I don’t really care much about the celebration because I’m not a special person. However, being naive, I always hope to have a special girl celebrating with me.
The first time my brother and his friends organised a party at my house, I didn’t appreciate it, because I hoped my first celebration to be with my girl. After my training in the rain, I reached the corridor and felt something amiss; I climbed up to reach the top of the windows and saw the crowds. Then I ran off.
It’s always a good excuse to invite girls out during birthday so that they won’t have the heart to reject. But weirdly, over the years I haven’t succeeded once.
Being a failure in love, it has been such a shame to me. Perhaps, I won’t have felt dejected if I haven’t put in so much effort each time. However, as time goes by, I’ve resorted to hide the fact that I’m a loser, so as to feel more comfortable, as well as to release stress.
Sometimes I sound so confident and arrogant when conversation is about girls; sometimes I download pictures of babes from internet and claim that they’re my girlfriends. I laugh all over when some friends actually believe in my craps.

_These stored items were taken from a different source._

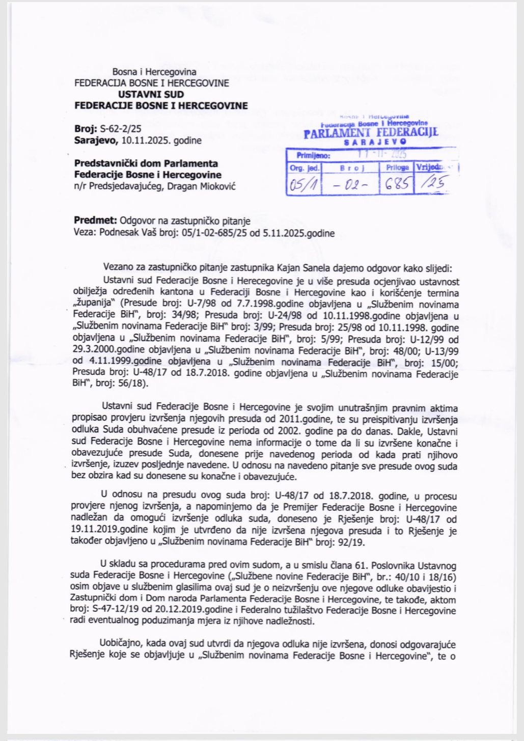 Zastupnik je istaknuo kako dijeli odgovor Ustavnog suda s javnošću i medijima „kao izraz transparentnosti svog zastupničkog rada i dosljedne borbe za ustavnost, jednakopravnost i poštivanje zakona u cijeloj Federaciji BiH“.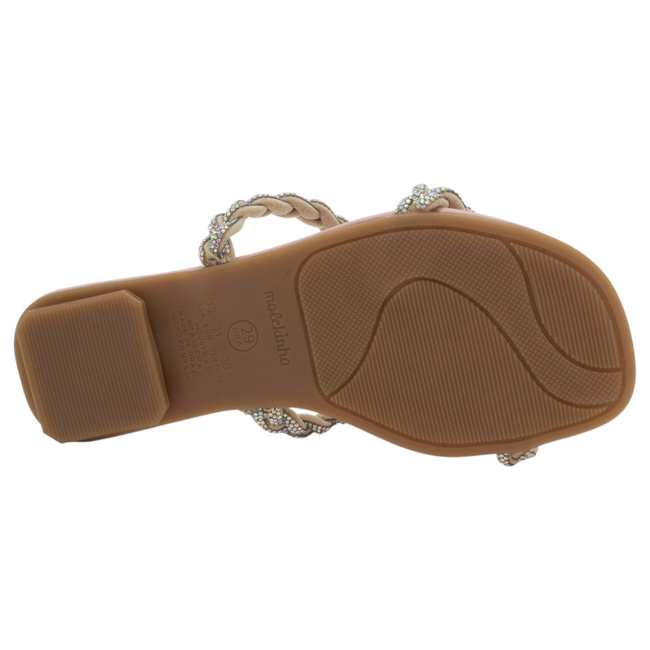 Ref: A rasteira infantil Molekinha 2354.108 na cor rosa é a escolha perfeita para unir conforto e elegância no visual das meninas. O modelo se destaca por suas duas tiras horizontais com design trançado, inteiramente revestidas por strass que garantem um brilho sofisticado e encantador. Sua palmilha macia em tom de rosa proporciona bem-estar durante o uso, enquanto o solado antiderrapante, com um discreto saltinho, oferece segurança e estabilidade a cada passo. É um calçado versátil e delicado, ideal para completar looks de festas ou dar um toque de estilo especial às produções do dia a dia.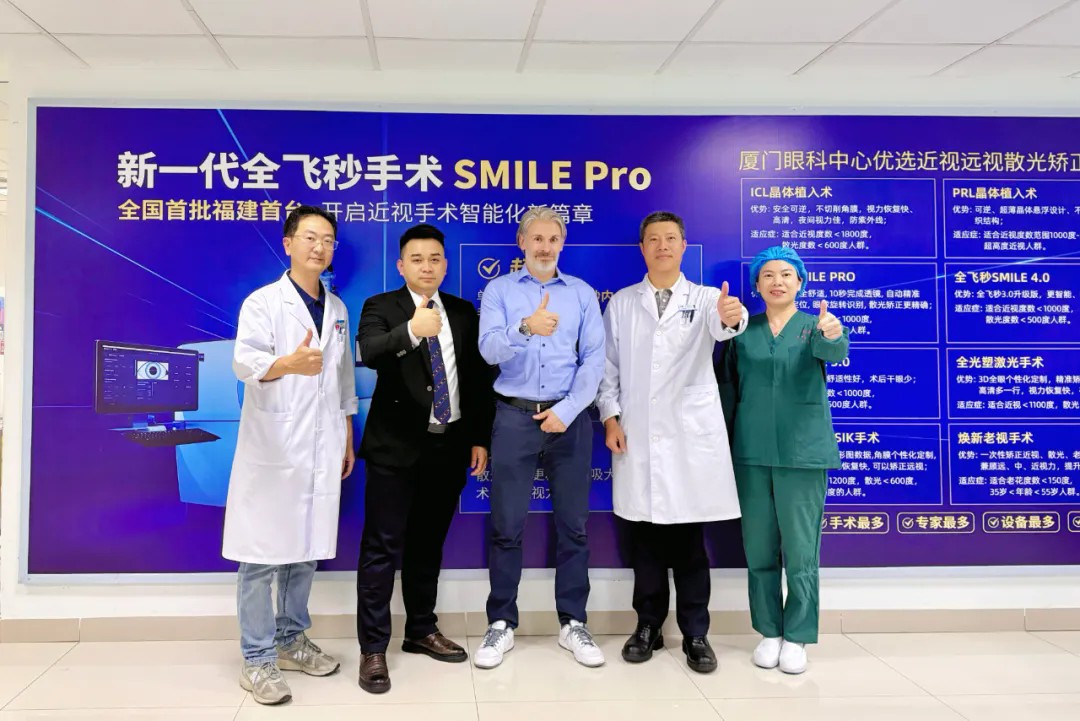 5月12日,德國蔡司屈光技術專家Christian Gruenwald到訪廈門眼科中心。此次訪問主要聚焦新一代機器人全飛秒VISUMAX 800設備的落地應用,雙方就技術細節(jié)、臨床實操與參數(shù)解析展開深入交流,為眼科前沿技術的創(chuàng)新發(fā)展注入新動能,標志著屈光手術正式邁入“智能機器人輔助”的新紀元。

Often, I’m so envious of my buddies being able to discharge their single-hoods. On their days, I try hard to get babes for the parties. As for myself, I’m always so unlucky.
I was so used to everything, until this day, on my twenty-first birthday, I was sleeping in this stinky hole dug by myself in the field. These were the most terrible days of my life. The sadness has been carved on my heart so deeply, that it aches so badly each time I take a moment of rest, because everyone on their twenty-first would have their beloved ones by their sides.